Its target Q is calculated as shown in Equation (19), where r is the reward value. γ is the discount factor.

$${\mathrm{Q}}_{\mathrm{t}\mathrm{a}\mathrm{r}\mathrm{g}\mathrm{e}\mathrm{t}}\left(\mathrm{s},\mathrm{a}\right)=\mathrm{r}+\mathsf{\gamma }\mathrm{Q}({\mathrm{s}}^{\prime },\mathrm{a}\mathrm{r}\mathrm{g}\mathrm{m}\mathrm{a}\mathrm{x}(\mathrm{Q}({\mathrm{s}}^{\prime },{\mathrm{a}}^{\prime };\mathsf{\theta }));{\mathsf{\theta }}^{-})$$

(19)

Figure 7 displays the final system framework for this essay.

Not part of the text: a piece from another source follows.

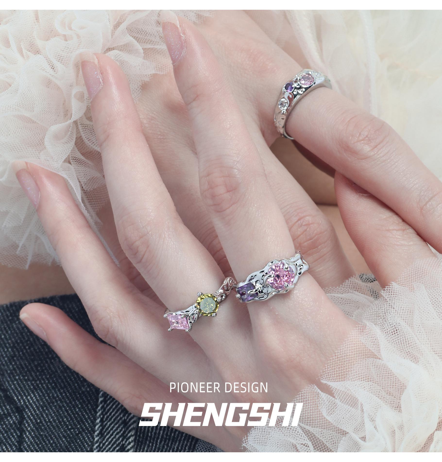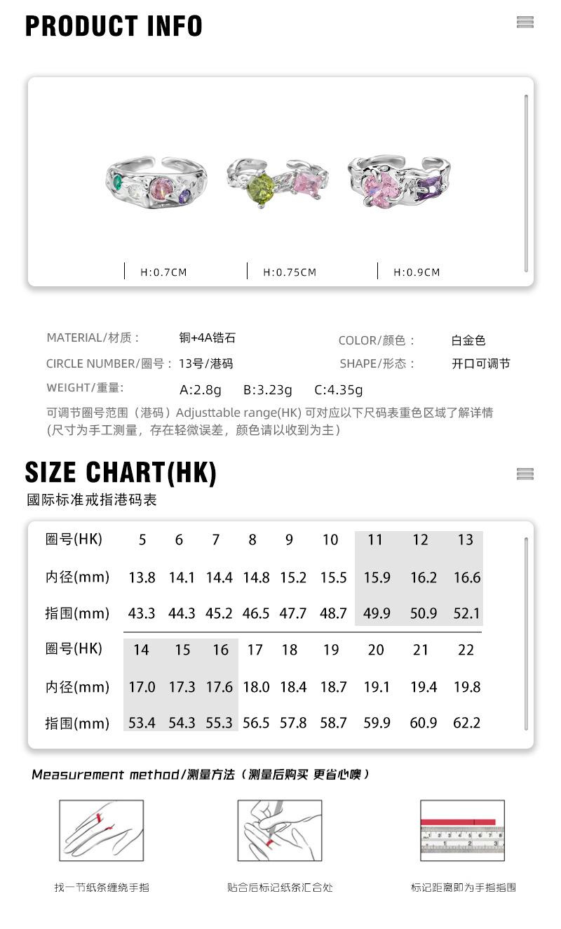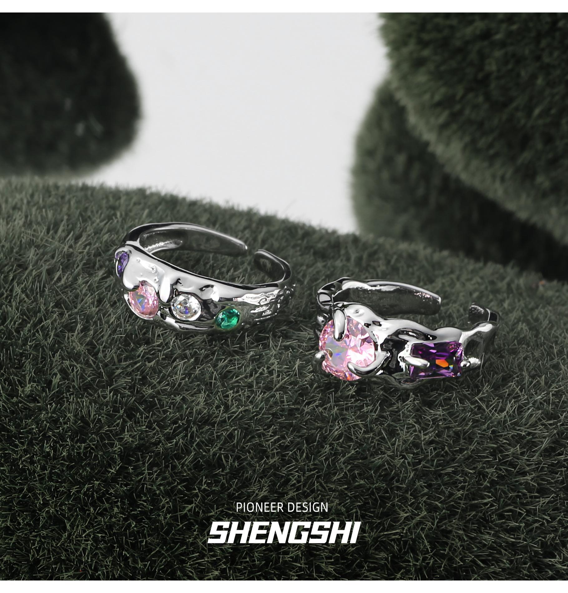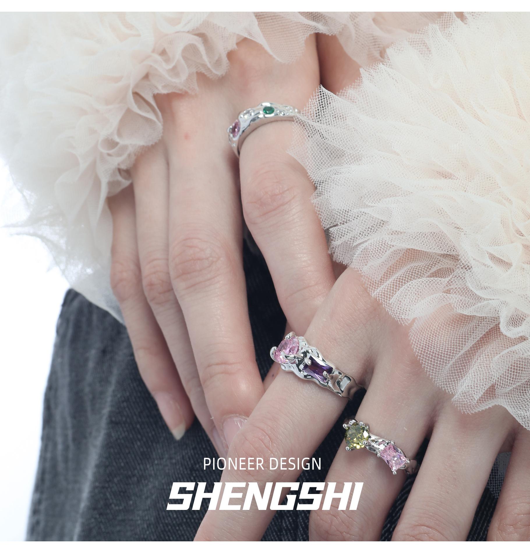 Anillo original de estilo coreano para mujer, venta al por mayor, diseño de nicho de circonita de color, ligero, de lujo, estilo dulce y fresco, temperamento, anillo abierto que combina con todo.

5. Experimental Design and Analysis

The junction model shown in Figure 2a is chosen as the test object in this study using the simulation program SUMO. The automobile following type employed is the Krauss model to ensure the security of moving vehicles. The vehicle has a length of 5 m and a minimum following distance of 2.5 m between the front and rear cars, a maximum deceleration of 4.5 $\mathrm{m}·{\mathrm{s}}^{-2}$, a maximum acceleration of 1.0 $\mathrm{m}·{\mathrm{s}}^{-2}$, and a speed restriction of 50 $\mathrm{k}\mathrm{m}·{\mathrm{h}}^{-1}$.

5.1. Experimental Setup

5.1.1. Experimental Dataset

This study uses a dataset of genuine road networks along with a synthetic traffic flow. The synthetic dataset, which is validated using pertinent experiments, is shown in

Table 1. Configurations of traffic flow.

Config	Directions	$\mathbf{Vehicle} \mathbf{Arrival} \mathbf{Rate} (\mathbf{v}\mathbf{e}\mathbf{h}·{\mathbf{s}}^{-1})$	Start(s)	End(s)
1	WEL/WE/WER/NSL/NS/NSR	0.2/0.3/0.05/0.15/0.25/0.2	0	600
	WEL/WE/WER/NSL/NS/NSR	0.25/0.4/0.1/0.2/0.3/0.25	600	1200
	WEL/WE/WER/NSL/NS/NSR	0.15/0.25/0.2/0.3/0.5/0.15	1200	1800
	WEL/WE/WER/NSL/NS/NSR	0.05/0.15/0.15/0.15/0.25/0.1	1800	2400
	WEL/WE/WER/NSL/NS/NSR	0.1/0.2/0.1/0.1/0.2/0.15	2400	3000
	WEL/WE/WER/NSL/NS/NSR	0.2/0.3/0.05/0.05/0.1/0.2	3000	3600
2	WEL/WE/WER/NSL/NS/NSR	0.1/0.1/0.1/0.1/0.1/0.1	0	3600
3	WEL/WE/WER/NSL/NS/NSR	0.5/0.5/0.5/0.5/0.5/0.5	0	3600
4	WEL/WE/WER/NSL/NS/NSR	0.1/0.1/0.1/0.2/0.2/0.2	0	3600
5	WEL/WE/WER/NSL/NS/NSR	0.4/0.4/0.4/0.5/0.5/0.5	0	3600

and consists of five different traffic configurations: complex traffic with varying arrival rates (Configuration 1), equal steady low-peak traffic (Configuration 2), equal steady peak traffic (Configuration 3), unequal steady low-peak traffic (Configuration 4), and unequal steady peak traffic (Configuration 5). In Table 1, WEL/WE/WER/NSL/NS/NSR stand for east–west left turn, east–west straight, east–west right turn, and north–south left turn, straight, and right turn, respectively. One car typically enters the intake lane every ten seconds if the traffic arrival rate in a given direction is 0.1 $\mathrm{v}\mathrm{e}\mathrm{h}·{\mathrm{s}}^{-1}$. The real road network dataset is derived from traffic flow data at the intersection of City Centre Road and Shanyin Road in Hangzhou, China [20] (https://github.com/MrLeedom/sumo_RL/tree/master/shixin_shanyin_7, accessed on 3 January 2019).

5.1.2. Parameter Setting

Table 2. Parameter setting of EL_D3QN.

Parameter	Value	Parameter	Value
Discount factor $\mathsf{\gamma }$	0.99	Maximum $\mathsf{\epsilon }$	1.0
Learning rate $\mathrm{l}\mathrm{r}$	0.001	Exploration decay rate	2000
Target network update rate τ	0.001	Experience pool capacity	50,000
Batch size	64	Activation function	ReLu
Minimum $\mathsf{\epsilon }$	0.01	Number of epochs	100

provides a list of the parameters needed for EL_D3QN. Every simulation round lasts for 100 epochs, with each epoch count lasting for either an hour of synthetic or actual traffic flow data.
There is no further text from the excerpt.